------ Record excerpts
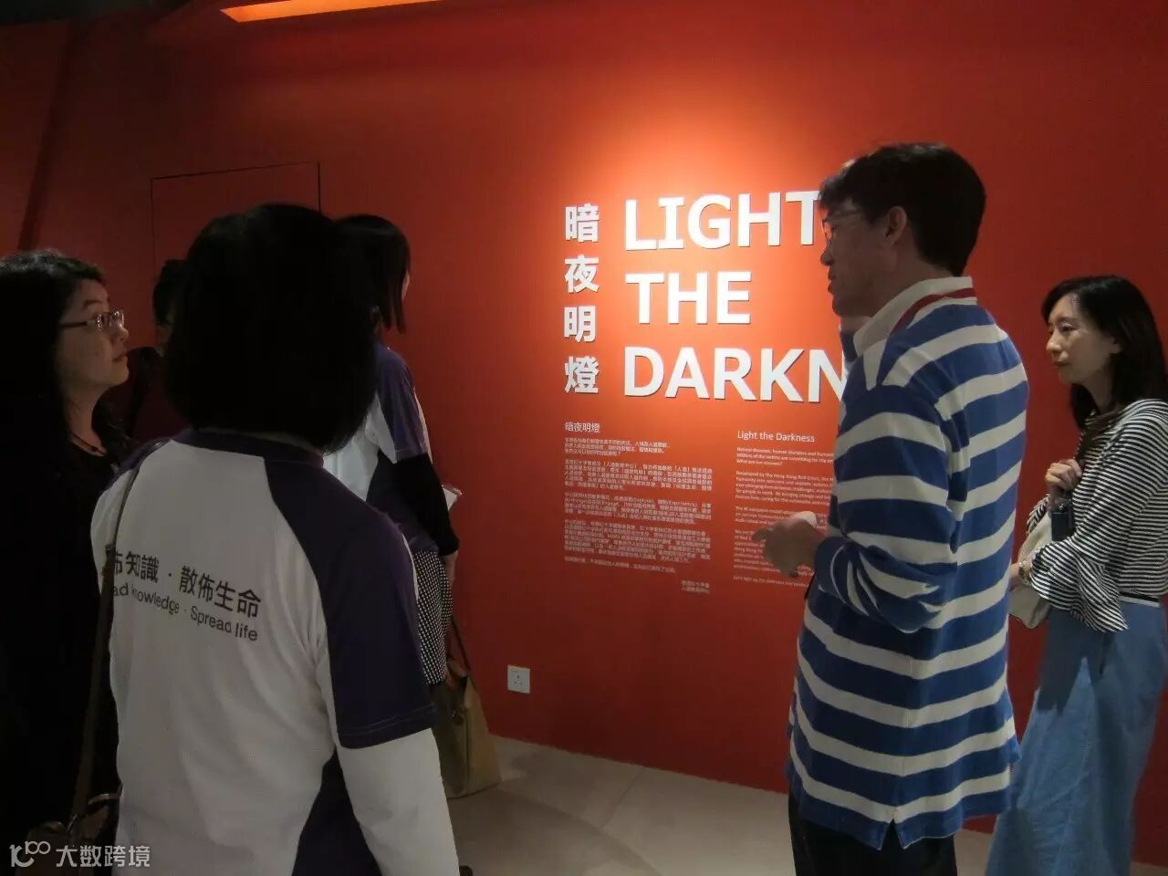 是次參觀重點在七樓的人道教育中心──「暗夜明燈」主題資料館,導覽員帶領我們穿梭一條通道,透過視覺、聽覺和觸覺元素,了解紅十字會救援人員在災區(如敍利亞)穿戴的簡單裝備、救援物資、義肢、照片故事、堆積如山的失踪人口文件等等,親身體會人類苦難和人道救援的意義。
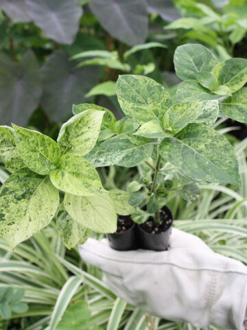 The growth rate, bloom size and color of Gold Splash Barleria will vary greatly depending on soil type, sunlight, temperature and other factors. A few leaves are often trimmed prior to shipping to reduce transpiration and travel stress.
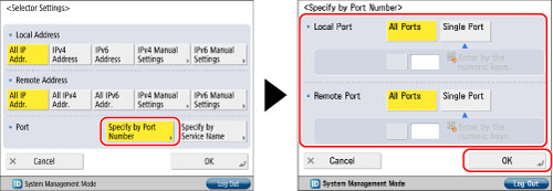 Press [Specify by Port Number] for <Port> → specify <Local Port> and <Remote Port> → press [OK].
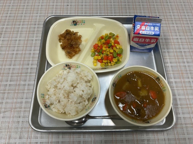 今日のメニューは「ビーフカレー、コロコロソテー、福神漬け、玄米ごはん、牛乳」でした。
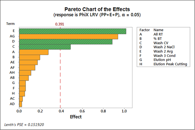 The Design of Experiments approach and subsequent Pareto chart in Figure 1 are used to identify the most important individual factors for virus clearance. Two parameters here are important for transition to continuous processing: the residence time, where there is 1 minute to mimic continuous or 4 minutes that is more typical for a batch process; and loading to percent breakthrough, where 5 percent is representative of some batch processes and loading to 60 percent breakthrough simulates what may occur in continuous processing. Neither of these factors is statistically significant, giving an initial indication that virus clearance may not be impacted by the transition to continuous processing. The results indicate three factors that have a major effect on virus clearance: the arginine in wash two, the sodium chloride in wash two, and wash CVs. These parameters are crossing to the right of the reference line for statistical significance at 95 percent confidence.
------------
**Exercise requirements**. Using the entries above, repeat exactly the lines from the one with "Press [Specify by" to the one with "今日のメニューは「ビーフカレ", both included, and leave the pictures behind.

**Response**.
 Press [Specify by Port Number] for <Port> → specify <Local Port> and <Remote Port> → press [OK].
 今日のメニューは「ビーフカレー、コロコロソテー、福神漬け、玄米ごはん、牛乳」でした。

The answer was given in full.